Dilys A Johns et al. Proc Natl Acad Sci U S A.

Abstract

The colonization of the islands of East Polynesia was a remarkable episode in the history of human migration and seafaring. We report on an ocean-sailing canoe dating from close to that time. A large section of a complex composite canoe was discovered recently at Anaweka on the New Zealand coast. The canoe dates to approximately A.D. 1400 and was contemporary with continuing interisland voyaging. It was built in New Zealand as an early adaptation to a new environment, and a sea turtle carved on its hull makes symbolic connections with wider Polynesian culture and art. We describe the find and identify and radiocarbon date the construction materials. We present a reconstruction of the whole canoe and compare it to another early canoe previously discovered in the Society Islands.

Keywords: Maori; conservation; maritime archaeology; waterlogged wood.

Conflict of interest statement

The authors declare no conflict of interest.

Figures

Fig. 1.
Fig. 1.
The waterlogged canoe section was found just north of the narrow entrance to Anaweka Inlet on the northwestern coast of New Zealand’s South Island. The figure shows locations of archaeological habitation sites recorded in the immediate vicinity.
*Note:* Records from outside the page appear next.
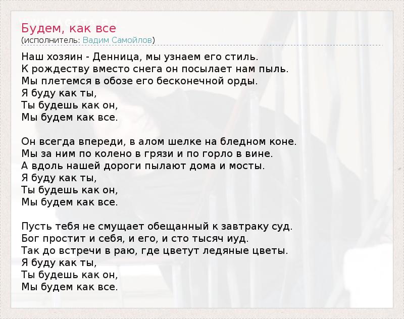 А как ты думаешь, о чем песня "Будем, как все" ?
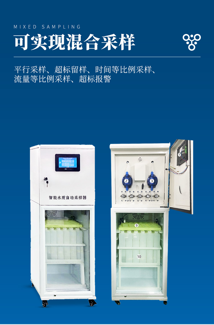 1、 可实现混合采样。平行采样、超标留样、时间等比例采样、流量等比例
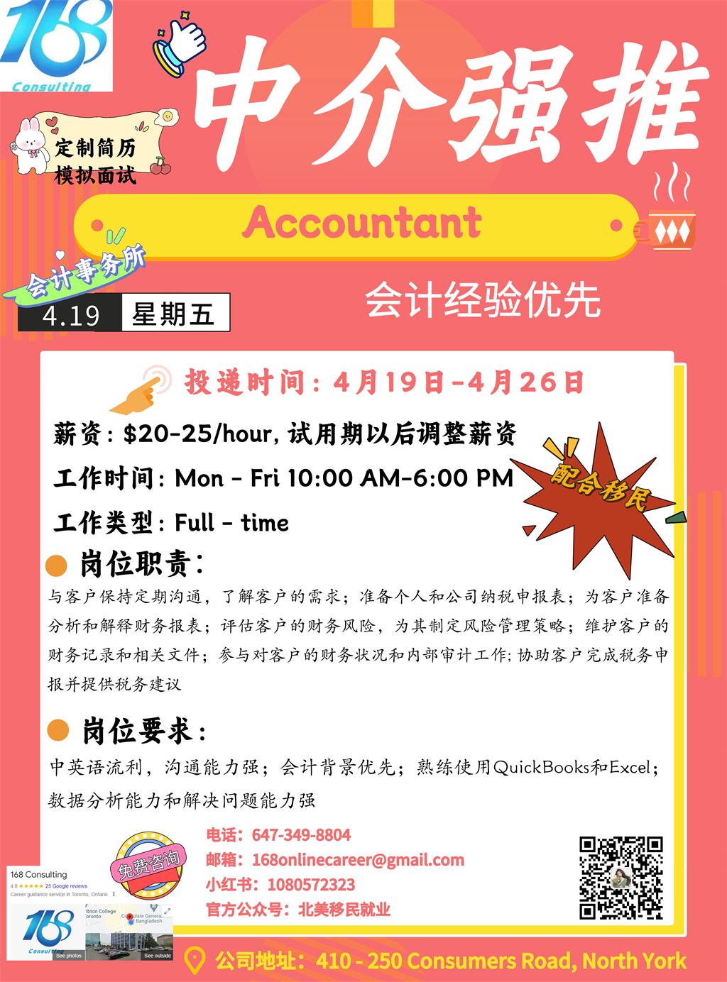 【168新岗】密西会计事务所招聘Accountant 1名(可移民)
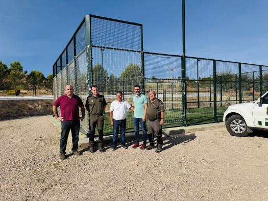 El día de hoy, el delegado provincial de Desarrollo Sostenible, José Ignacio Benito, realizó una visita al municipio de Castillo de Garcimuñoz. Junto al alcalde, Justo López, y varios agentes medioambientales, Benito inspeccionó las recientes instalaciones de mallas de nailon en la pista de pádel local. Estas mallas han sido colocadas con el propósito de reducir la mortalidad de aves por colisiones con las cristaleras de dichas instalaciones.

Sites contemporary with the waka are also known both north and south of the find spot. The foundation site of Wairau Bar, dating from the early 14th century A.D., is located on the northeastern coast of the South Island.
Fig. 2.
Fig. 2.
An internal view of the hull showing the pointed end and butt end, and lashing holes for attachment of other timbers on all sides. Four transverse ribs are carved at intervals along the hull and a straight longitudinal stringer or girder runs from the rib at the butt end along the length of the hull. The ribs are tapered from the stringer toward both sides of the piece but are heavier on the side with the curved profile, suggesting this was the lower side of the canoe. The stringer has both notches and lashing holes for attachment of other parts of the hull. Sections of the stringer have been broken, and replacement notches and lashing holes cut into the hull indicate repairs and reuse.
Fig. 3.
Fig. 3.
(A) A sea turtle is carved in raised relief at the shaped end of the canoe strake and a ridge behind it extends to the end of the strake. If the ridge represents the pattern formed as the turtle swam although water, it provides a clue as to the direction of movement. Turtle designs are rare in pre-European Maori carving; however, turtles are known in New Zealand waters. It is likely that the turtle motif relates to the early age of the canoe and its cultural associations with tropical Polynesia. (B) Detail of the sea turtle.
Fig. 4.
Fig. 4.
Calibrated radiocarbon dates (Oxcal) of samples of the canoe hull (wood) and caulking (fiber).
Fig. 5.
Fig. 5.
Scanned images of inside and outside surfaces of the Anaweka canoe section are shown in the left side of this four-part digital reconstruction, and their mirror images on the right, giving an impression of an entire hull in two or possibly three sections. In this orientation the canoe lacks a central underbody and upper strakes or gunwales. The curved edge of the shaped end lies approximately vertical and timbers separating the sides at both ends would have been necessary to avoid a line of lashings along the angle of the keel, unknown ethnohistorically.
Fig. 6.
Fig. 6.
A reconstruction of the complete Anaweka canoe by G. Irwin, based on the details of the hull section interpreted in the context of documentary and distributional evidence discussed in the paper. It is represented as a double canoe, but the possibility that it was a single canoe with outrigger cannot be excluded. No remains of a sail or spars were found at Anaweka, but various rigs with two spars and inverted triangular sails were recorded in early sketches by Europeans in Tahiti, Hawaii, the Marquesas, and New Zealand, before 1780 (48). It is likely that the whole rig was put up and taken down as one, as with Maori sails in historical times, and the rig could have been set up in different ways according to the direction of the canoe in relation to the wind.